As I approached the house I noticed all of my guitars, basses, banjos, violins, and mandolins were set up on stands in the yard. I grabbed my favorite florentine and started pickin’ as I walked up the steps to the porch. For some reason the pick I had to hand was a flexi old-style Fender resin tortie and it immediately overheated and raised a burr which kept catching and fucking up my sustains. I was sufficiently distracted by this that I walked into the house without looking around to see who was there.
John Terrill greeted me effusively, guiding me through a packed session including maybe fifteen players, basically none from a folk tradition but including Mark McWhirter, who was very happy to see me, and I think Jim Manion and other people I know or have known.
John told me he wanted me to play the saudade, which in this dream was a thumb piano, not a style of Portuguese song and poetry, and handed me a gourd with a rack of two ranks of three metal vibrating tone producers, plugged it into a damaged Silvertone amp, and told me I had to hit it just right, man, just right.
So I did, and it was great, and I woke up experiencing seizure-like spasms in my arms and legs and was extremely dizzy.

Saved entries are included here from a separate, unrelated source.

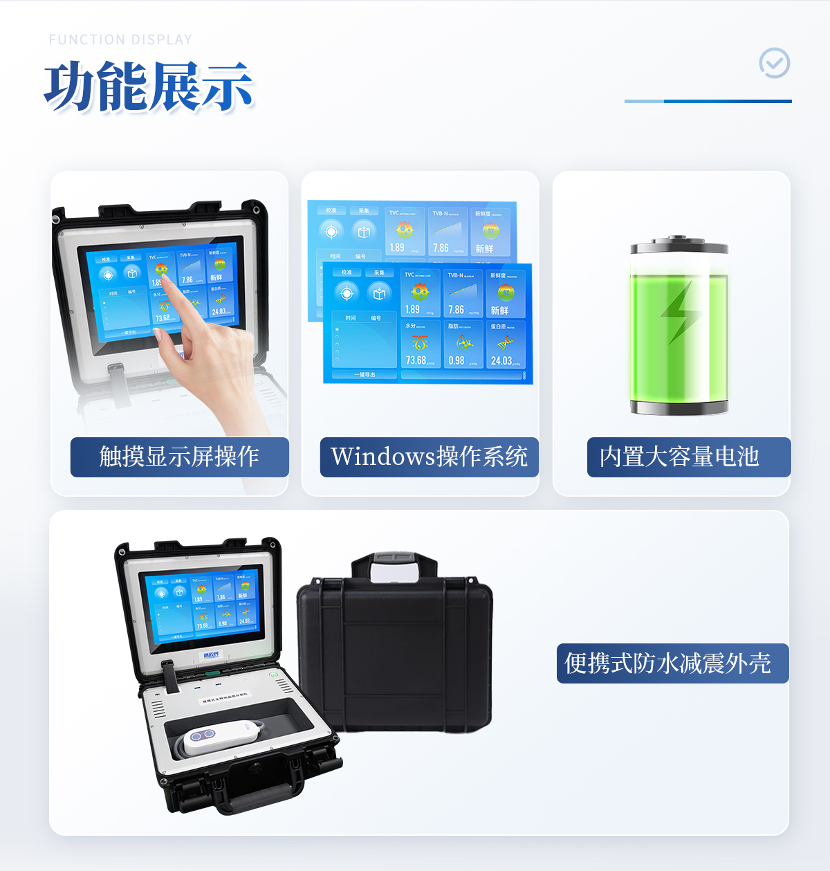 可用于檢測生鮮肉的蛋白質(zhì)、脂肪、水分、pH、TVC、TVB-N、新鮮度、L*、A*、B*等品質(zhì)參數(shù)。配備手提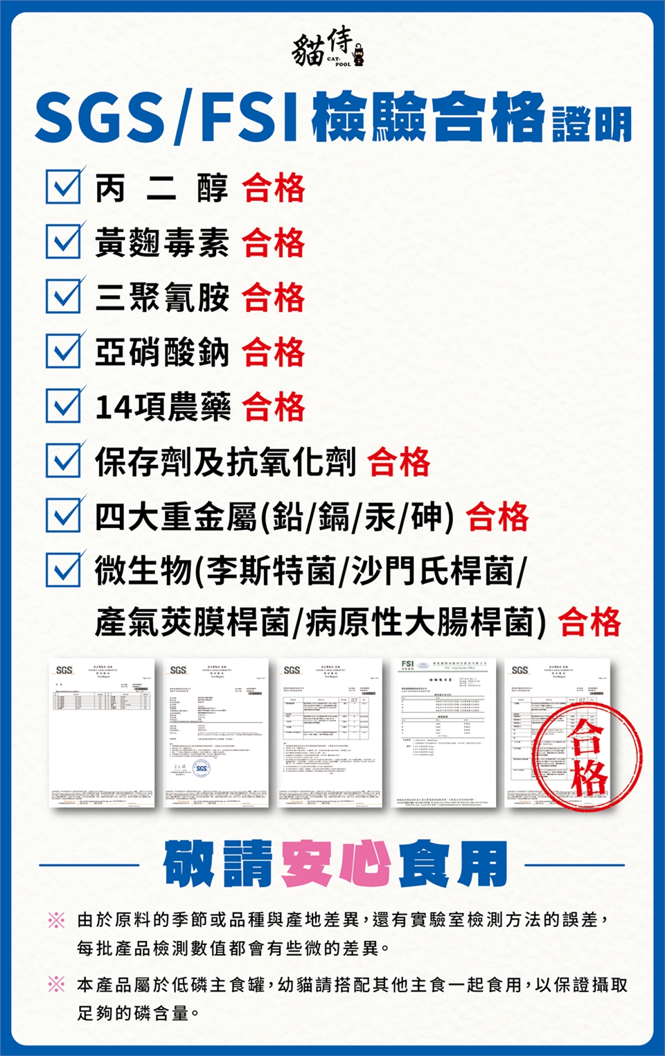 成份:鱈魚.土魠魚.鰹魚.魚油.洋車前子.碳酸鈣.牛磺酸.葡萄糖胺.軟骨素.鱉蛋粉.金盞花萃取.貓薄荷.綜合胺基酸.維生素A.維生素D.維生素E.礦物質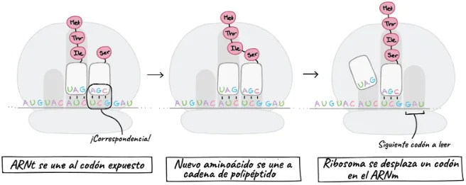 La traducció ocorre dins d’estructures conegudes com a ribosomes. Els ribosomes són màquines moleculars la funció de les quals és construir polipèptids. Quan un ribosoma es munta sobre un ARNm i troba el codó d’inici, es desplaçarà ràpidament per l’ARNm un codó alhora.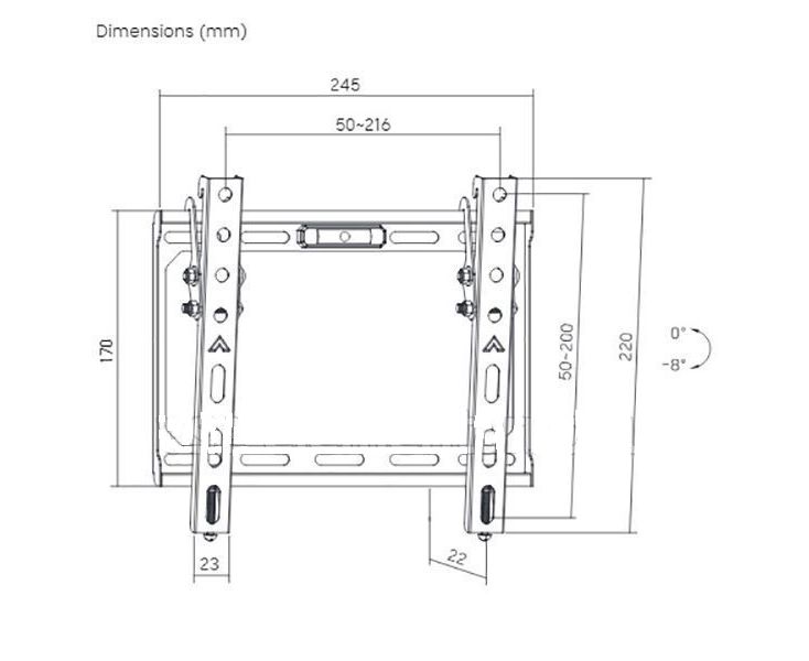 -8° (вниз) / +0° (вверх)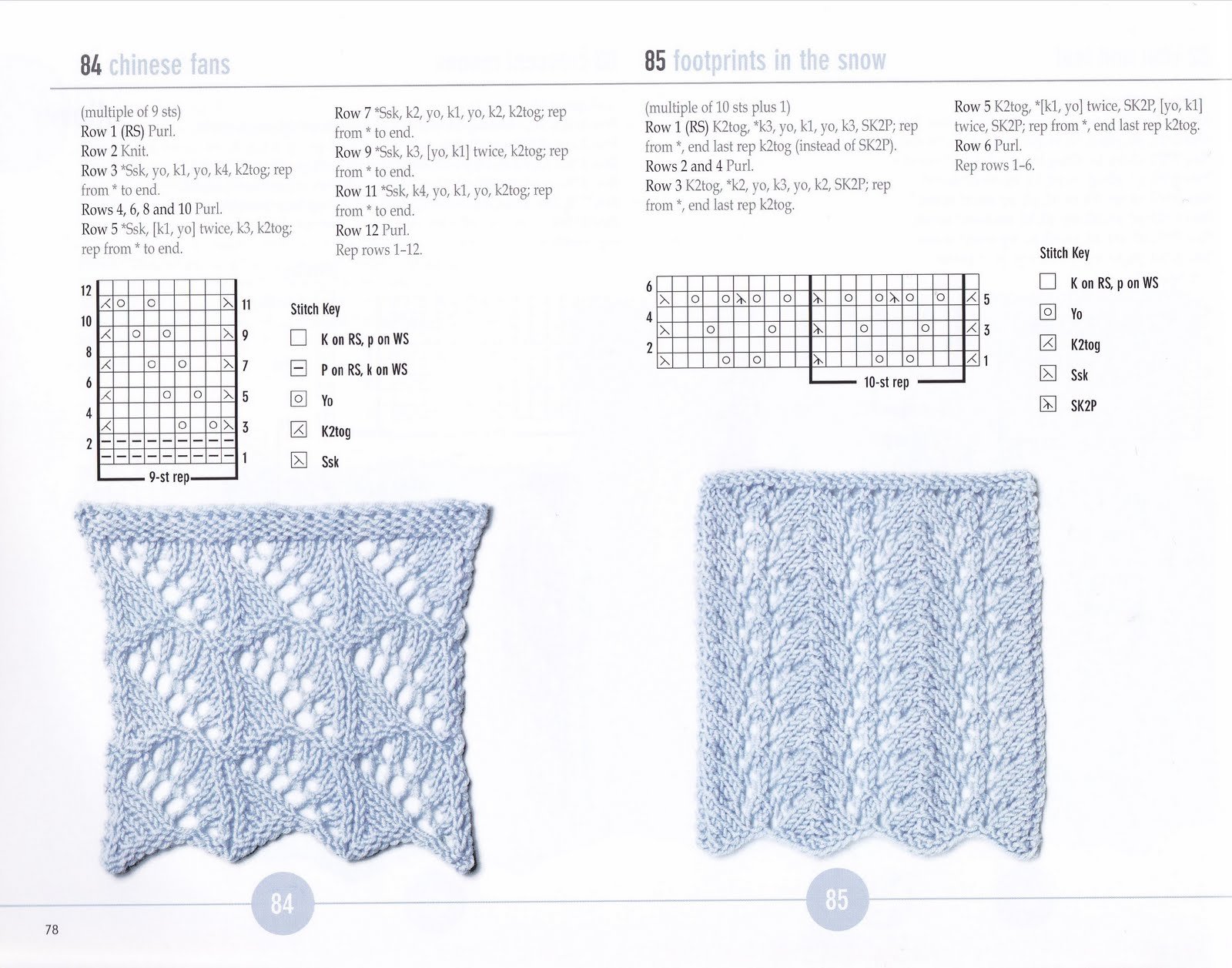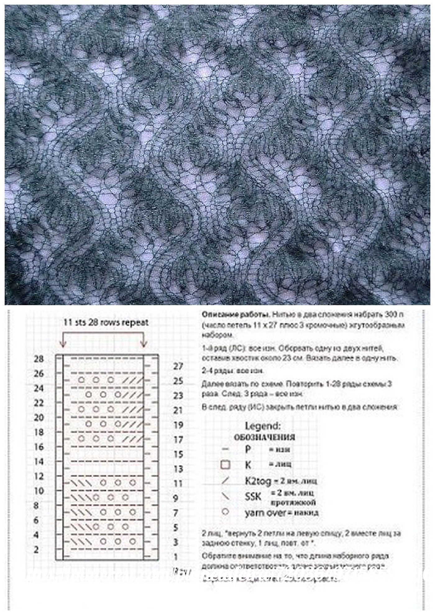 Ажурные узоры спицами со схемами для палантинов из мохера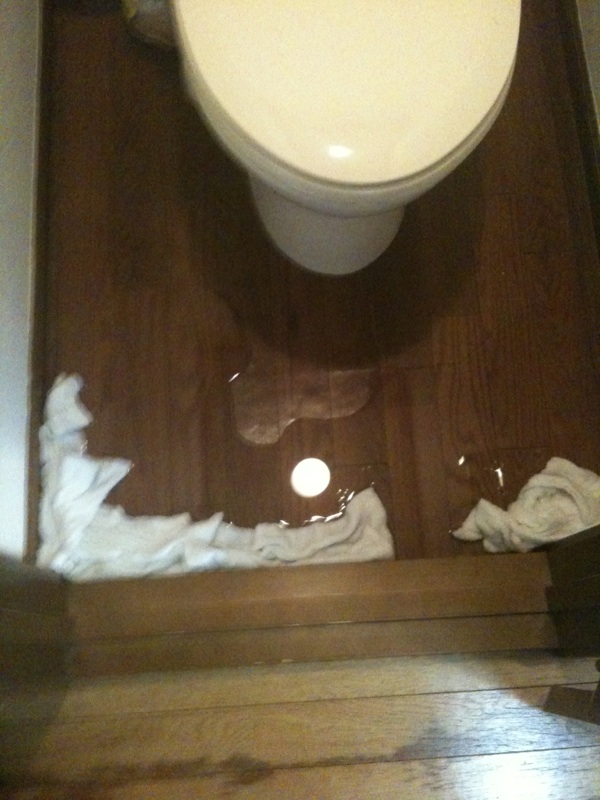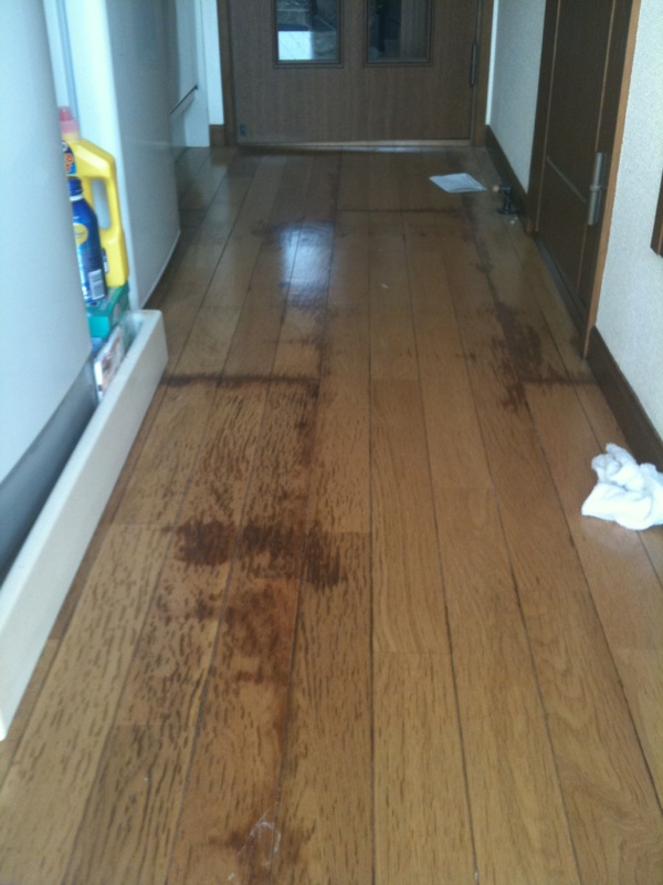 フローリングも既に水を吸って変色しています。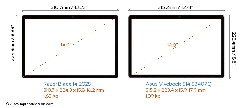 SD Card Reader Blade 14 2025 is equipped with an SD Card Reader for easy access to memory cards. Vivobook S14 S3407Q does not have an SD Card Reader.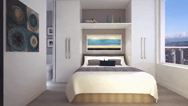 卧室通过推拉移门与客厅相连,地面铺有脚感舒适的地毯,采用定制床头衣柜及搁板设计,提供更多衣物收纳空间,业主也无需另行配置床头柜及床头照明。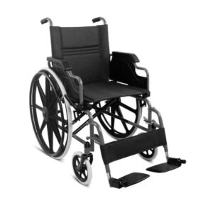 SILLA DE RUEDAS EJECUTIVA ALUMINIO ESPALDAR ABATIBLE PINTADA DOBLE BARRA, APOYABRAZOS ABATIBLES PIECEROS FIJOS, LLANTA TRASERA NEUMÁTICA RIN RADIO, COJINERÍA EN LONA.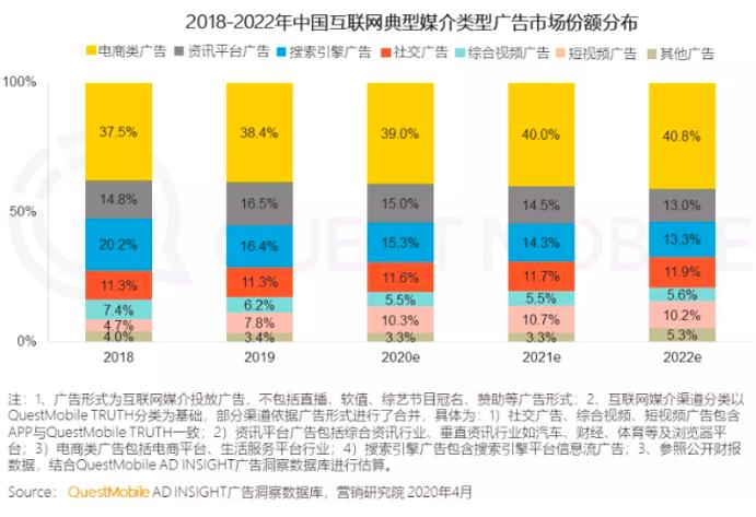 微盟的精准营销业务其实就是广告与资源的买与卖,主要收入就是流量平台的返点佣金。微盟主要从事的广告推广是在微信体系内,此外还有QQ、腾讯新闻、百度、知乎等流量平台的精准营销服务。不过这些广告的媒介大多是资讯类、搜索类、社交类,根据Questmobile数据显示,电商类广告在所有互联网媒介广告类型中,市场份额分布最高,且持续上升,而微盟主要针对的资讯类、搜索类广告市场份额持续下降。

I got some water and went back to bed, amused. I nearly immediately fell asleep again, and was in the back of a large van jouncing over crappy roads as I at first repeatedly attempted to organize a stack of vintage flyers in chronological order and then to perform something similar with a stack of mixed-source trading cards, becoming grouchier and grouchier as the vehicle’s juddering repeatedly made my task impossible. I exited the van for lunch or something and ran into an old coworker whom I was happy to see but less happy to spend time with, said coworker having a difficult personality. I hugged him, said good bye, and awakened again to flailing limbs and dizziness.